SOURCE MATERIAL:
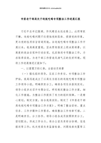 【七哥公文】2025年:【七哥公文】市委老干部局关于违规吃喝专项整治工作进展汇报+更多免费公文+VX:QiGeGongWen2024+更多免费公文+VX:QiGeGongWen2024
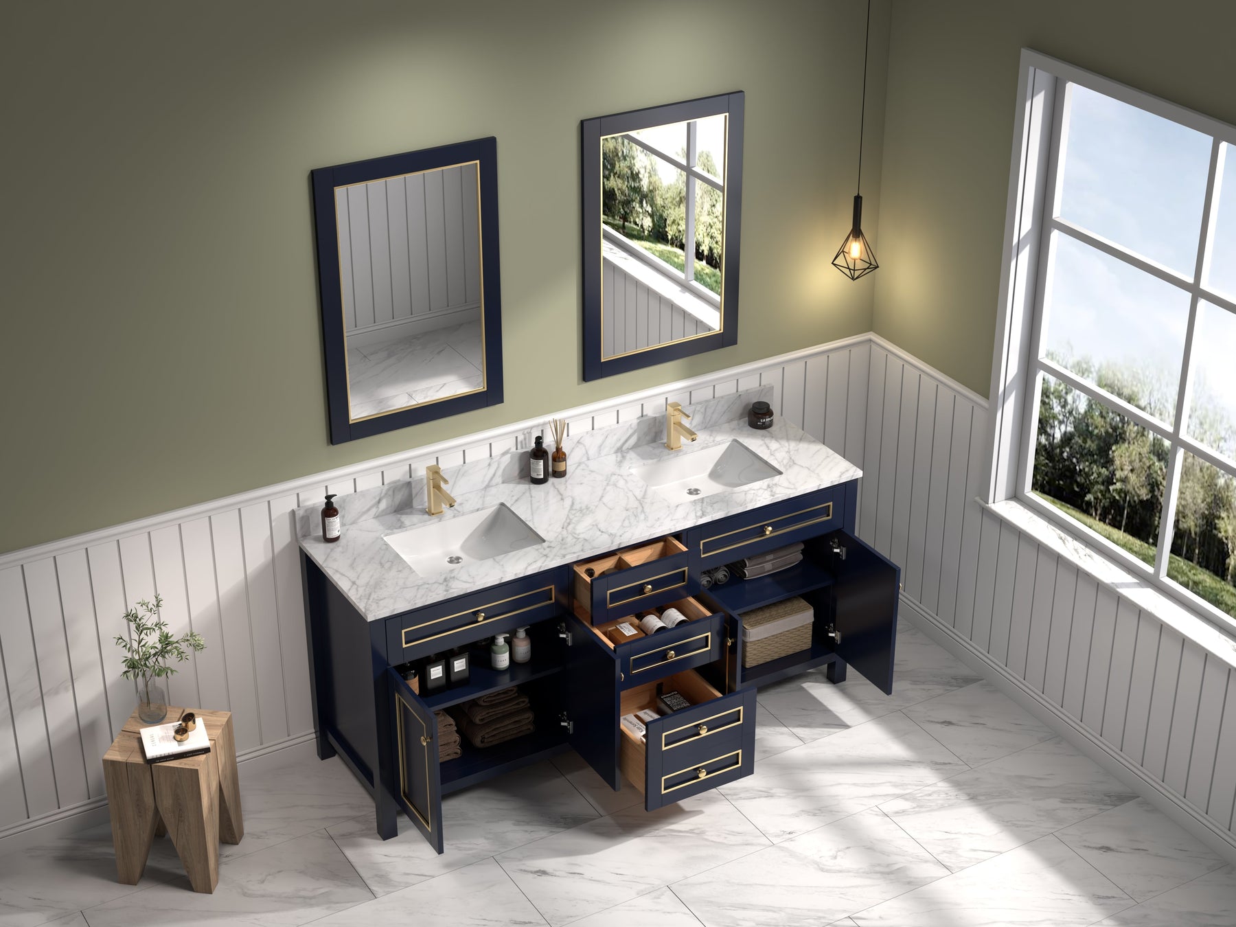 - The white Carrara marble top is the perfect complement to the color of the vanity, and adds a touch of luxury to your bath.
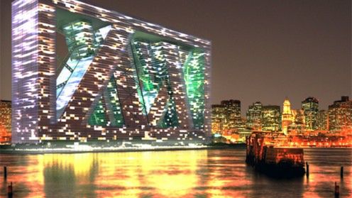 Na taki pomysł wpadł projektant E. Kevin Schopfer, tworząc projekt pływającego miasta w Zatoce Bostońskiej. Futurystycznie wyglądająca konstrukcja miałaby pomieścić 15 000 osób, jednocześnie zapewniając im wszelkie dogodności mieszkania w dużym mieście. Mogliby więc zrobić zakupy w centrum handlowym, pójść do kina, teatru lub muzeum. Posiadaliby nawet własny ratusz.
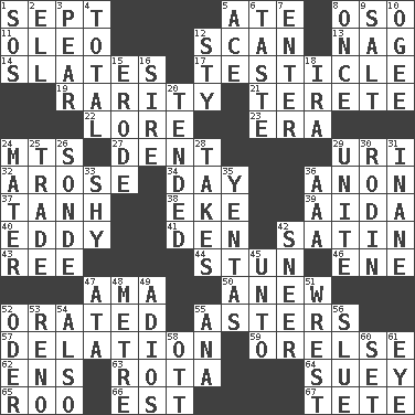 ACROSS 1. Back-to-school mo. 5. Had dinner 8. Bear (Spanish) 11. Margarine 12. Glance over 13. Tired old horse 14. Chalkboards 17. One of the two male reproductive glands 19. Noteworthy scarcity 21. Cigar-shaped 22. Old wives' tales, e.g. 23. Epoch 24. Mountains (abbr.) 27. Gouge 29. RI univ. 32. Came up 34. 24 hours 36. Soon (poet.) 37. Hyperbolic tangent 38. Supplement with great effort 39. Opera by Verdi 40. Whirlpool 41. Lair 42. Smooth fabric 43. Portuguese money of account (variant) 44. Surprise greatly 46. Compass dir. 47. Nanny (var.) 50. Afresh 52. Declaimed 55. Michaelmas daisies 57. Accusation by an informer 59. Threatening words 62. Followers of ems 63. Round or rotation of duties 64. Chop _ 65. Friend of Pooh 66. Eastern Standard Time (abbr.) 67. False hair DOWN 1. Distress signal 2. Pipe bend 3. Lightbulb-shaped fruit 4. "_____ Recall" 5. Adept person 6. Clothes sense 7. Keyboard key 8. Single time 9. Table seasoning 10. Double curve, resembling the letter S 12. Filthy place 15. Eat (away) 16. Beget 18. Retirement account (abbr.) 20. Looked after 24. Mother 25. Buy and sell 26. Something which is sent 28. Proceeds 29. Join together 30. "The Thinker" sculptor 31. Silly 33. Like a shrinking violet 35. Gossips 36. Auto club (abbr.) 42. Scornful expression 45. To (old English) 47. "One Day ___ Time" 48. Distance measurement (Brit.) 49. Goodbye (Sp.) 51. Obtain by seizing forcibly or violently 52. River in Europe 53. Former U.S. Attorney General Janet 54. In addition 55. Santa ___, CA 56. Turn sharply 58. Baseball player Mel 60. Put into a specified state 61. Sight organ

TASK ITEM: Pictures are to be left out; otherwise, retype exactly the lines from the first line of the data through the line containing "Na taki pomysł".

TASK RESPONSE:
 【七哥公文】2025年:【七哥公文】市委老干部局关于违规吃喝专项整治工作进展汇报+更多免费公文+VX:QiGeGongWen2024+更多免费公文+VX:QiGeGongWen2024
 - The white Carrara marble top is the perfect complement to the color of the vanity, and adds a touch of luxury to your bath.
 Na taki pomysł wpadł projektant E. Kevin Schopfer, tworząc projekt pływającego miasta w Zatoce Bostońskiej. Futurystycznie wyglądająca konstrukcja miałaby pomieścić 15 000 osób, jednocześnie zapewniając im wszelkie dogodności mieszkania w dużym mieście. Mogliby więc zrobić zakupy w centrum handlowym, pójść do kina, teatru lub muzeum. Posiadaliby nawet własny ratusz.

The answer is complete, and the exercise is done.